Ellis claims the current violations against him continue to be vague and inaccurate.

In a legal brief, John Shoemaker, attorney for the Ellises, said they were accused of having an "infestation" of mice, an exaggeration; inoperable smoke detectors he said have been replaced; lead abatement issues where there were none; hazardous wiring when only a fuse needed to be changed, and garbage violations where tenants were to blame.

The Ellises further contend, through Shoemaker, that the costs of unnecessary repairs hurt his "protected class" of low-income, minority tenants, because "these costs must then be spread out over all rental units, affecting the cost of housing for all tenants."

The city fired back in its own brief that the crux of the Ellises' argument is that any code violation that causes him to spend money "either in correcting the violation or appealing the order could have a negative effect on them economically" and thus violates housing law.

"If so, the city is liable any time it enforces its housing code," the prosecutors wrote.
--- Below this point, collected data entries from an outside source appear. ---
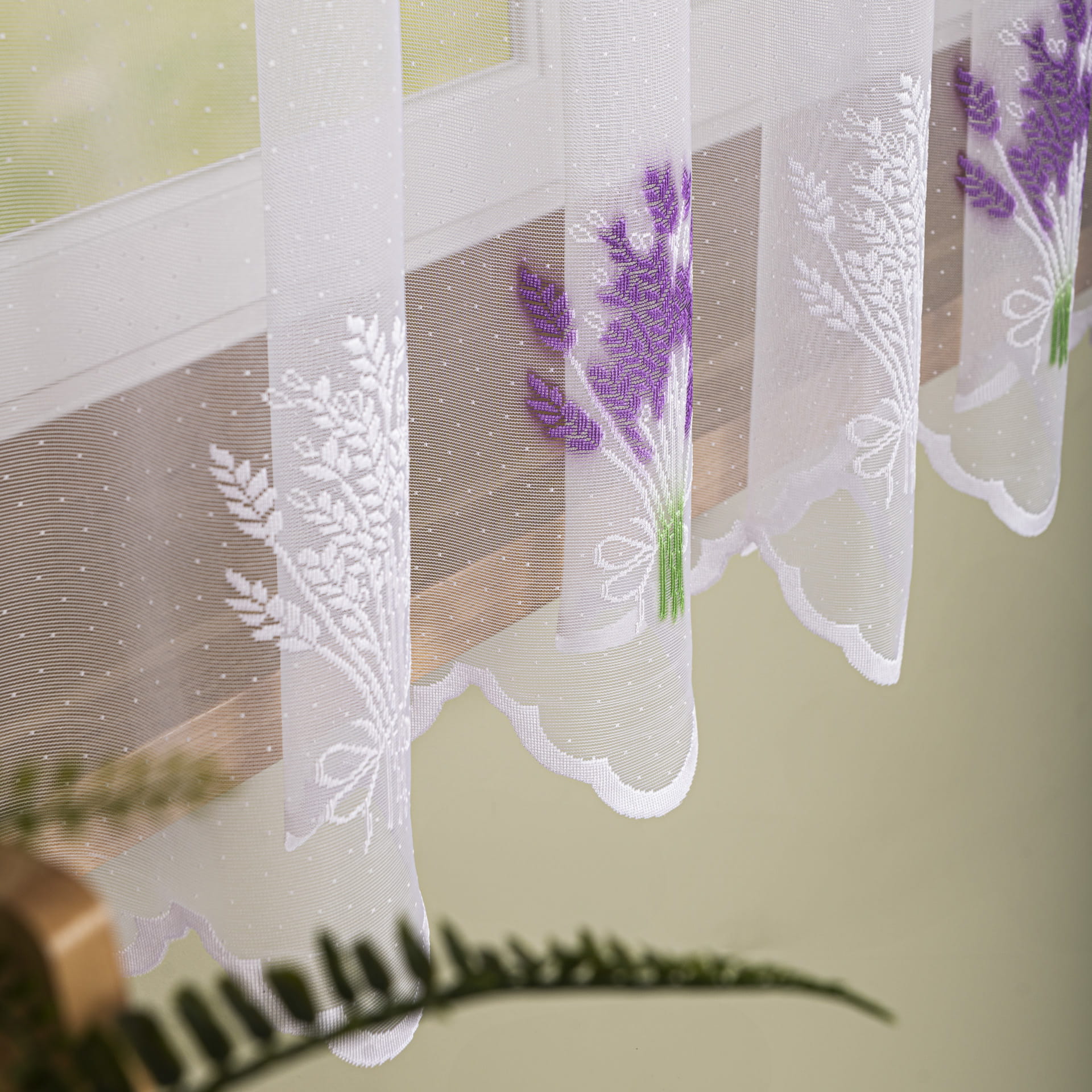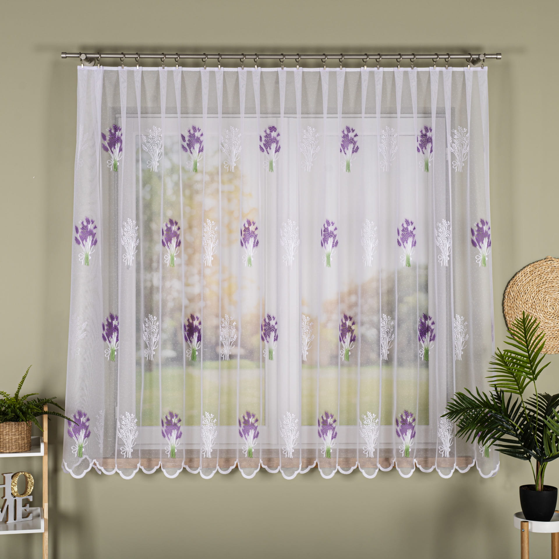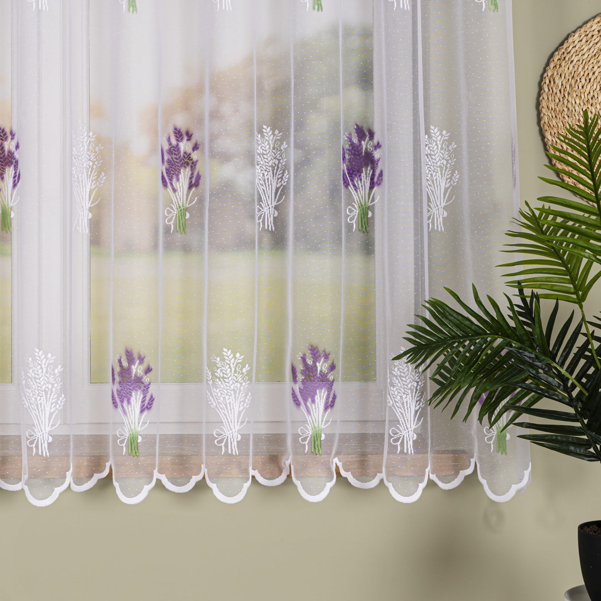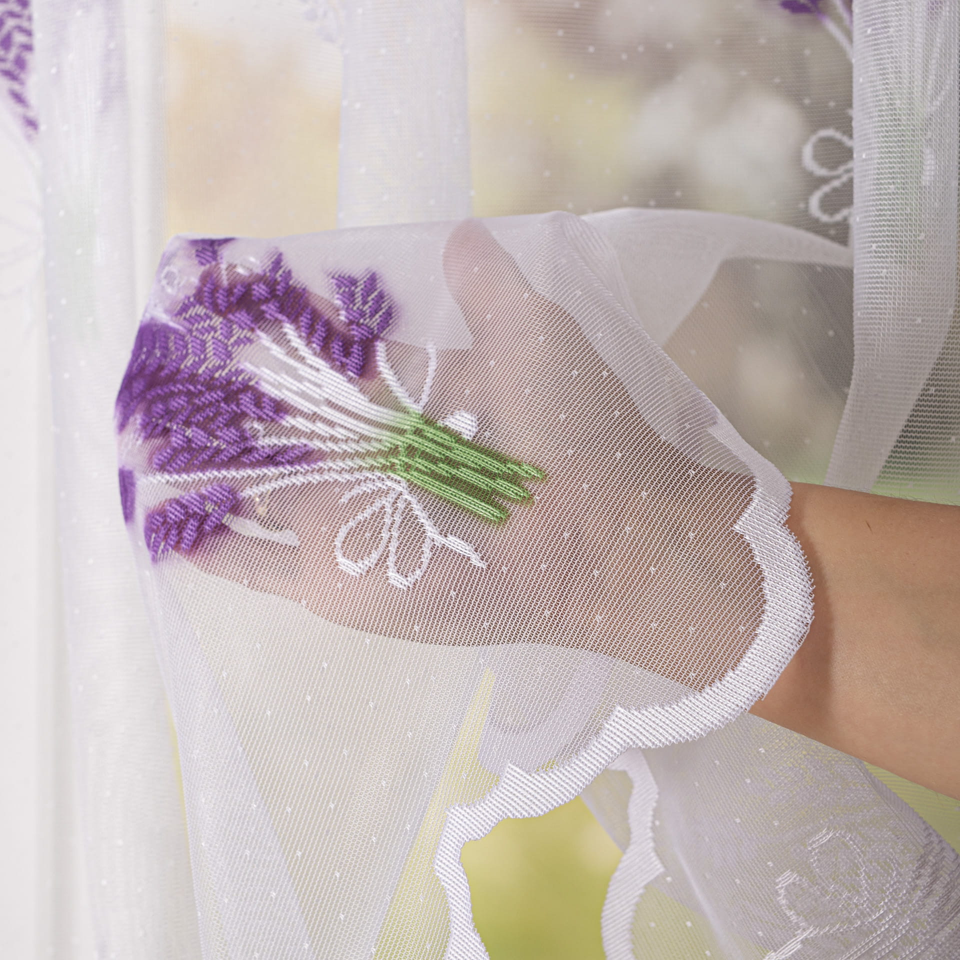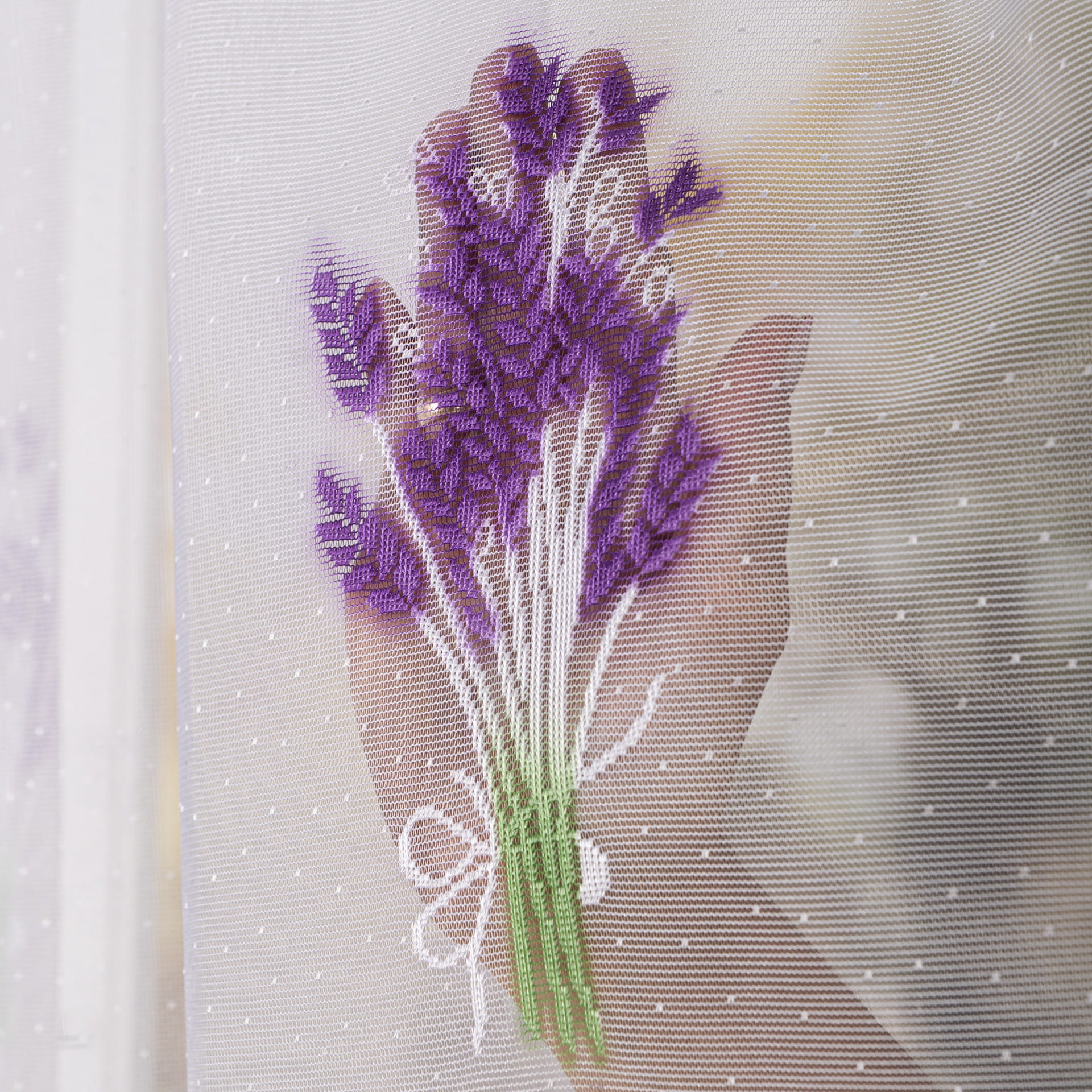 Elegancka firana żakardowa w kolorze białym, zdobiona drobnymi kropeczkami oraz haftem w formie bukietów lawendy. Wykonana z lekkiej, a zarazem wytrzymałej tkaniny subtelnie osłania okno, nie ograniczając dostępu naturalnego światła. Włókna poliestrowe sprawiają, iż tkanina jest trwała i łatwa w pielęgnacji. Nie wymaga prasowania - po praniu wystarczy wilgotną firanę zawiesić na karniszu.
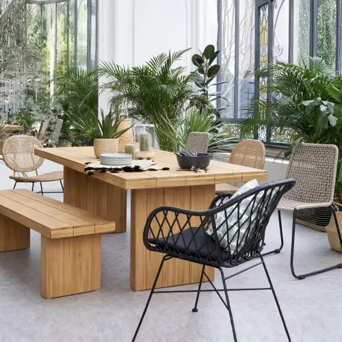 - la taille de la table (et si vous ne recevez qu'occasionnellement, vous pouvez choisir une table extérieure) avec allonges;
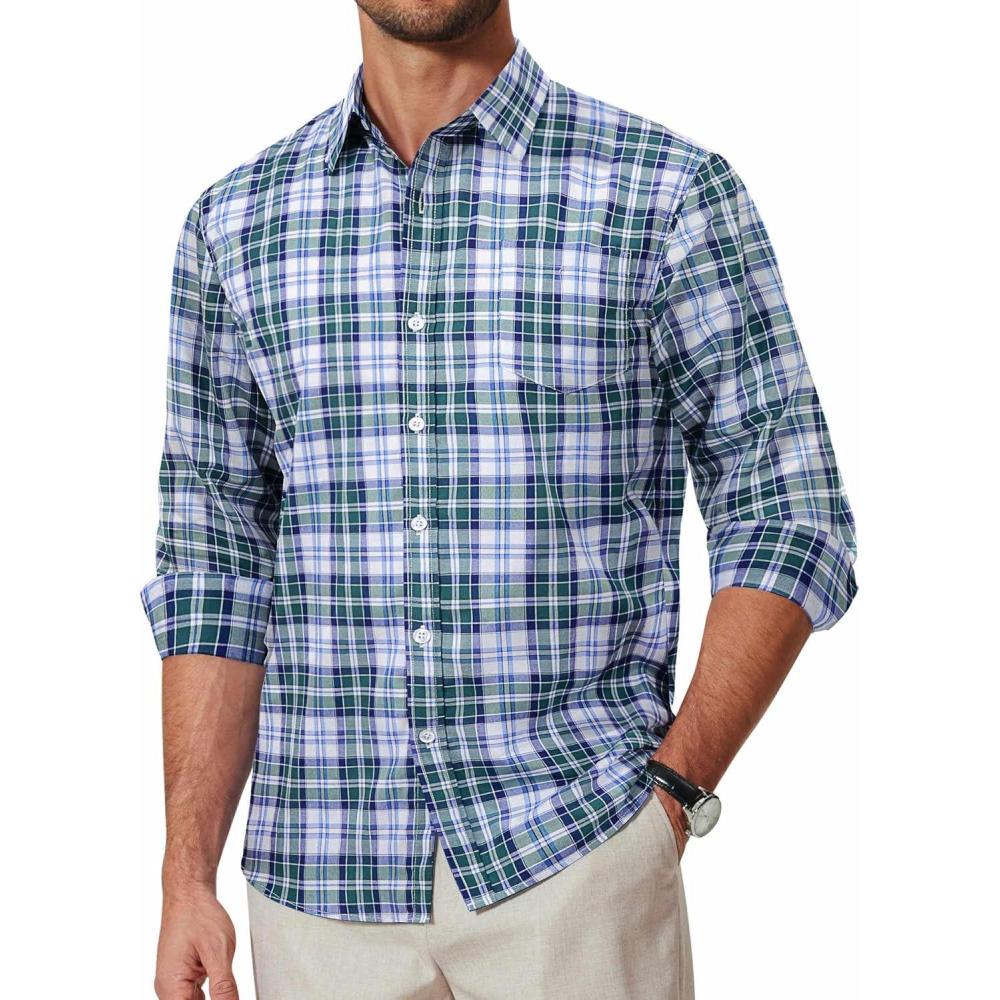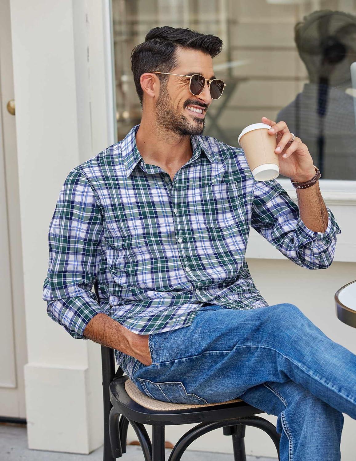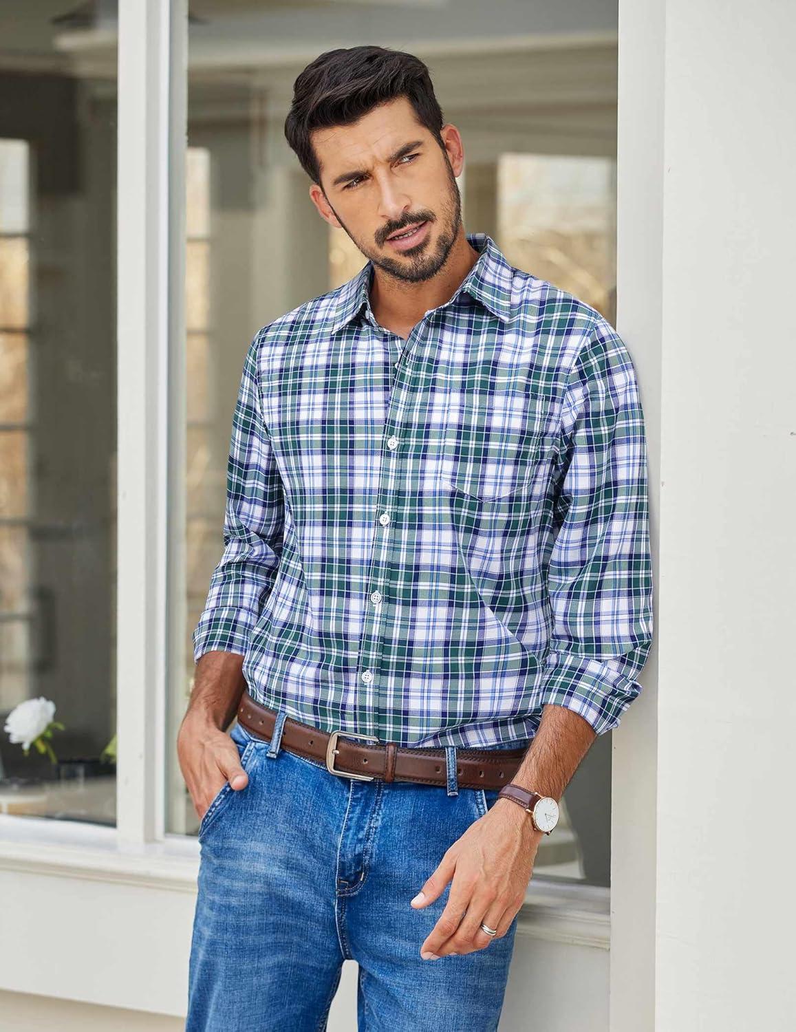 COOFANDY Mens Button Down Shirt Cotton Long Sleeves Dress Shirt Wrinkle Free Casual Plaid Shirt(Black Blue Plaid)
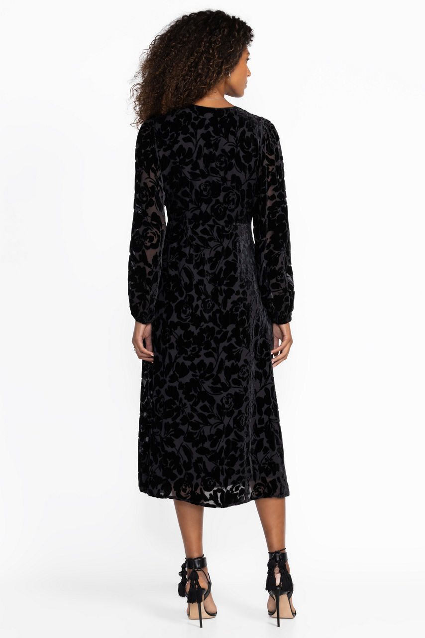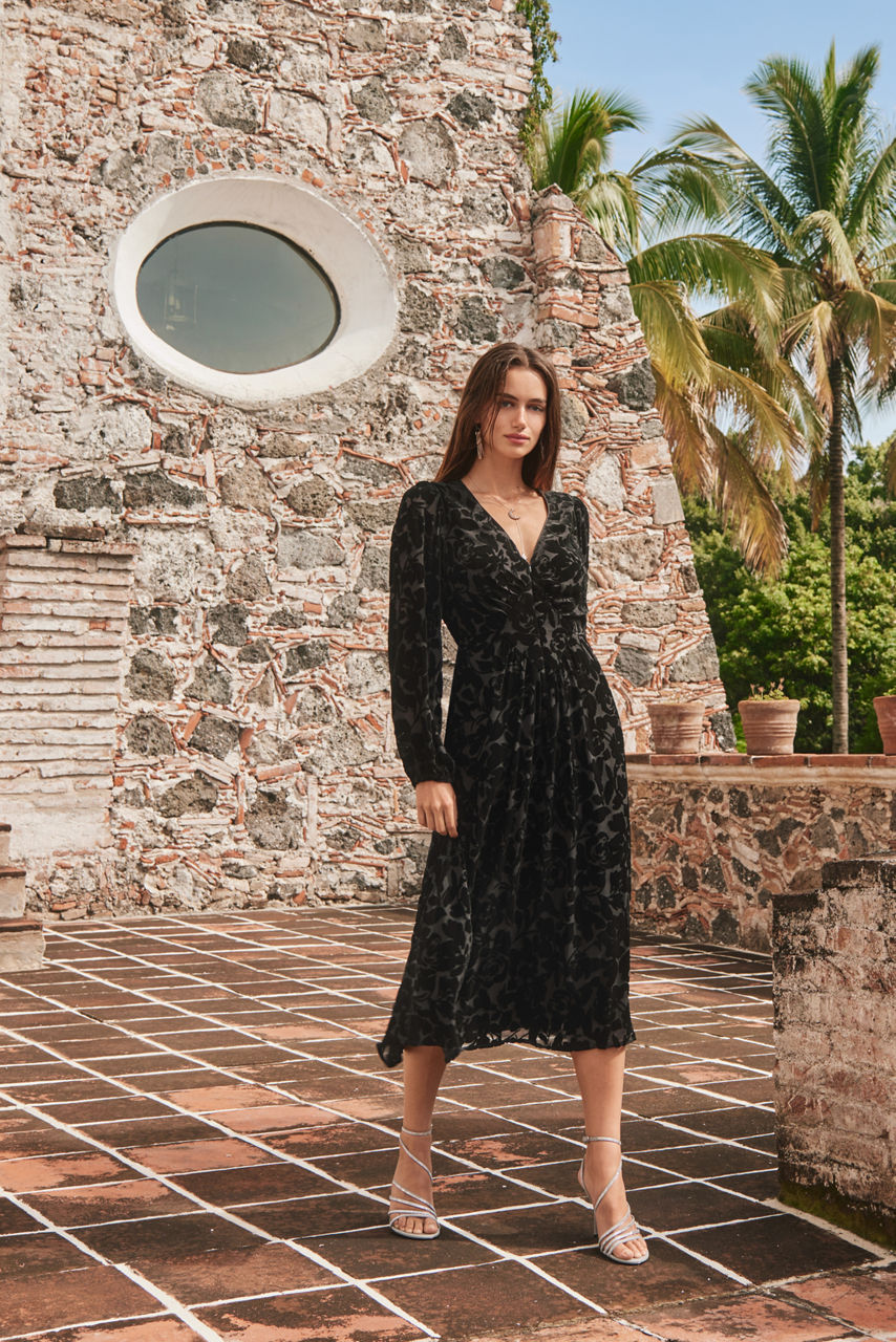 Embellished with a tone-on-tone floral pattern, the Wynnter Midi Dress is designed with a vintage-inspired feminine silhouette. Featuring a deep V-neckline and accented with pintucks at the shoulder line, this classic dress is finished with billowing Bishop sleeves and a hidden back zipper. Pair with kitten heels and delicate jewelry for an unforgettable evening look.
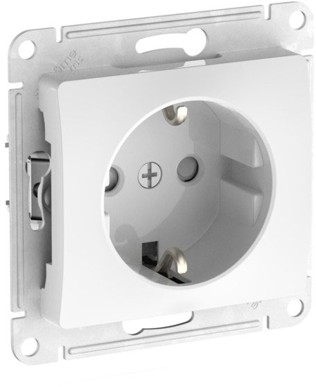 Розетка (безвинтовые клеммы) Glossa, со шторками, с заземлением, одинарная, безвинтовые клеммы, цвет - белый
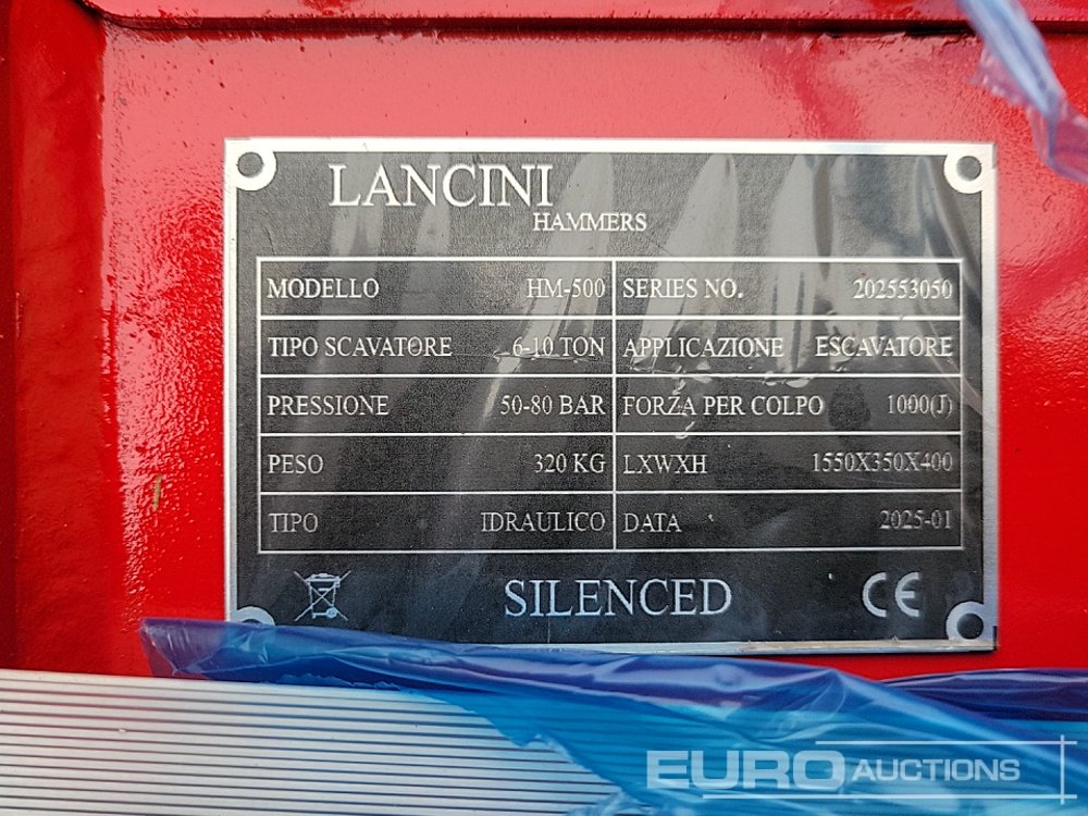 Unused 2025 Lancini HM-500 Hydraulic Breaker 35mm Pin to suit Mini Excavator - 140495080
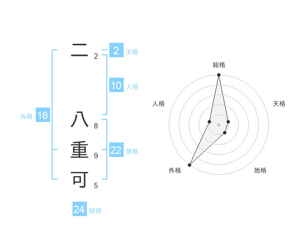 二 八重可さんの外格は16画の5点!

"This is so even if the city inspects the property because a protected-class tenant calls the city to notify the city that there is mice infestation, there are no smoke detectors in the bedroom, the kitchen sink has no cold water, there is faulty electrical work or a hole in the wall."

Ready to fight

Ellis contrasted what he called the aggressive approach of housing inspectors with the way he said he functioned when he was one.

"I had apartment owners who were comfortable with me," he said, because he enforced "the bare minimum in the housing code."

In their duplex last week, Harriet Ellis, her arms folded, sat beside her husband as he recited the alleged injustices the city has heaped on him and his properties.

"I wish he'd sell them all and be done with this," she said. "Then we'd have peace and quiet."

Said her husband: "If it was up to her, I'd give them away."

Harriet Ellis nodded.

Andrew Ellis said he won't do that, and will continue to press his lawsuit.

"I'm not in it for the money," he said. "I want to win it and prove it."